Кроме дежурных фрейлин, во дворце не показывался никто из придворного общества; граф Понятовский, показавшийся было раз, был удалён по приказу великого князя. Екатерина Алексеевна оставалась теперь почти всё время одна, так как все фрейлины, кроме тех случаев, когда она приказывала им явиться, боязливо держались в стороне от неё и предпочитали общество Елизаветы Воронцовой; все они были убеждены, что великий князь не рискнул бы так оскорблять свою супругу, не будучи уверен в том, что последняя находится в опале у государыни. Стало также известным, что Пётр Фёдорович на своих вечерних собраниях называл графиню Воронцову «жёнушкой» и высказывал уверенность стать скоро свободным и отослать назад в Германию «лукавую иностранку».

Одна великая княгиня, казалось, не замечала ничего.

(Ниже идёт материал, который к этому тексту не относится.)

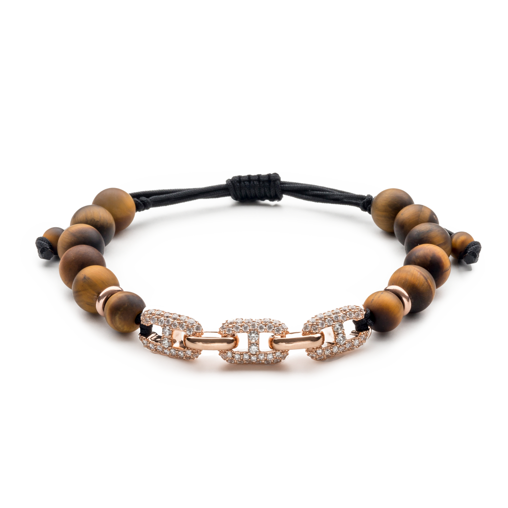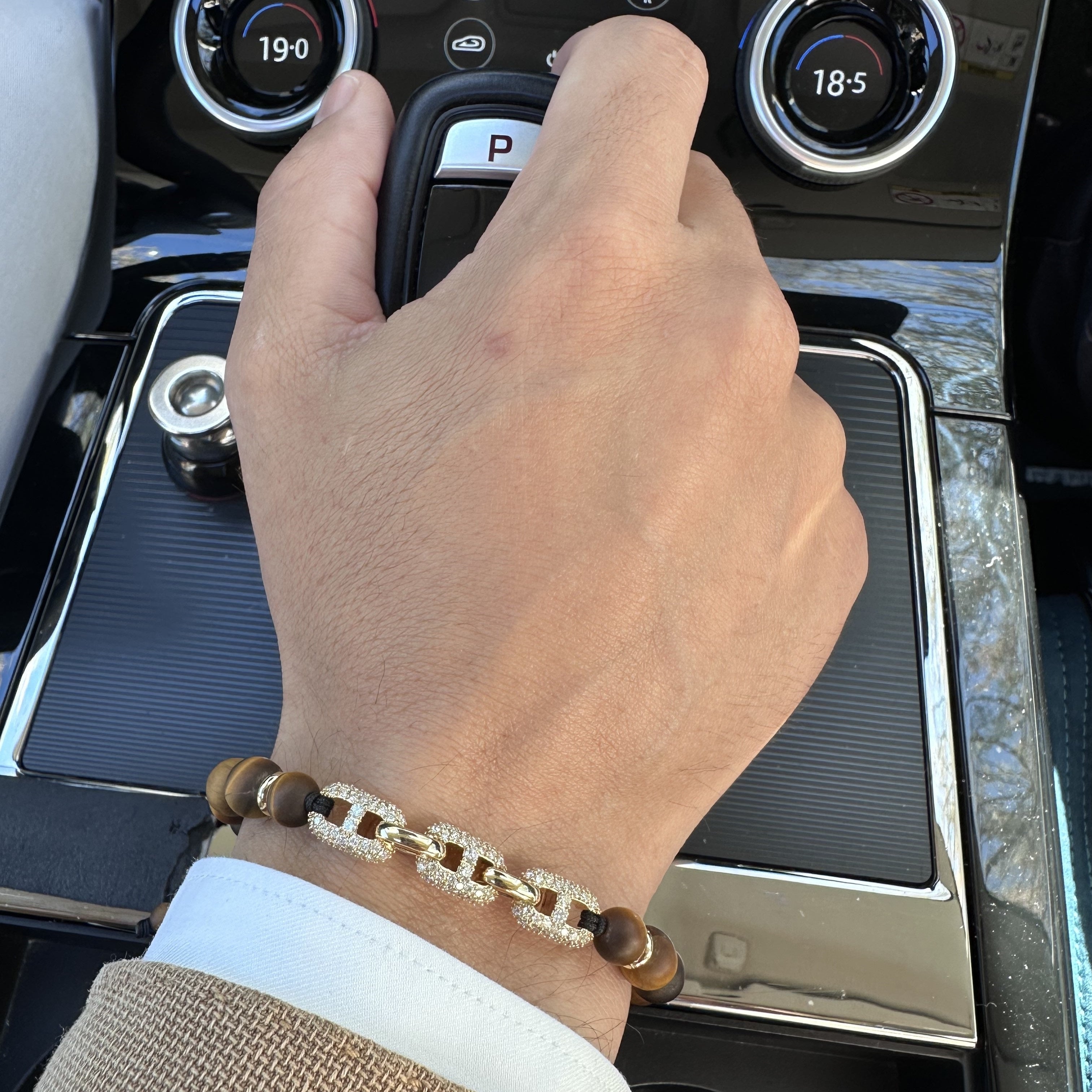 18K yellow gold bracelet, tiger eye, 96 stones, triple diamond link, Adjustable nylon cord from 15cm to 25cm
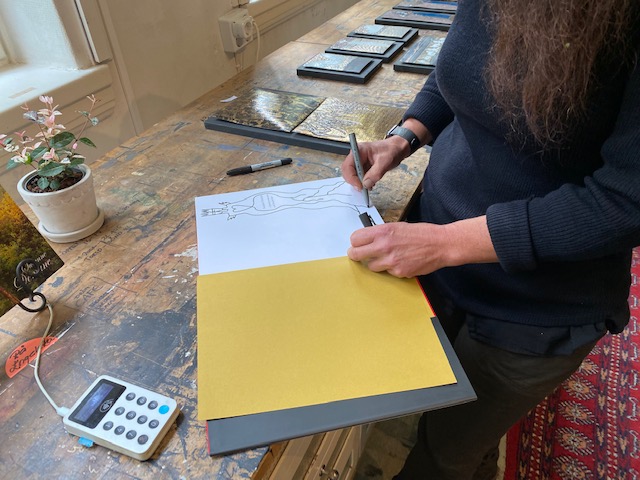 Hon: ja fantastiskt ställe och fantastisk konstnär och person. Kul att prata med henne var det också. Dessutom älskade hon träd lika mycket som vi. När de hade huggit ner ett träd längs stigen hon gick var dag, då hade hon känt det som om det var henne de stuckit ner. Kände helt igen mig!!

За столом она вела весёлую и непринуждённую беседу и оставалась глуха ко всем оскорбительным выпадам супруга. Ей ежедневно приносили книги из императорской библиотеки, и, судя по её замечаниям за столом, она, должно быть, много читала, сидя в своей комнате в часы уединения. Никто не мог угадать, что делается у неё на душе; около неё почти весь день находилась одна лишь горничная, которая даже спала около её кровати. Эта горничная могла видеть, как Екатерина Алексеевна мрачно расхаживает по своей комнате; её глаза были частенько красны от слёз, доказывавших, что в полном одиночестве не выдерживает и гордое самообладание великой княгини.

Был отдан строгий приказ, чтобы никто из дежурных по наступлении темноты не смел покидать Зимний дворец, и часовые получили приказание арестовывать всякого, кто показался бы в каком-либо из коридоров, и вести его к коменданту дворца. Лишь с великим трудом графу Понятовскому удалось доставить через горничную записку великой княгине. Он уведомил её, что граф Бестужев советует ей молчать, что бы ни случилось, что теперь настало время прикинуться мёртвым, что он скоро добудет поводья, ускользнувшие было из его рук, и отомстить за все опасности, грозившие теперь великой княгине.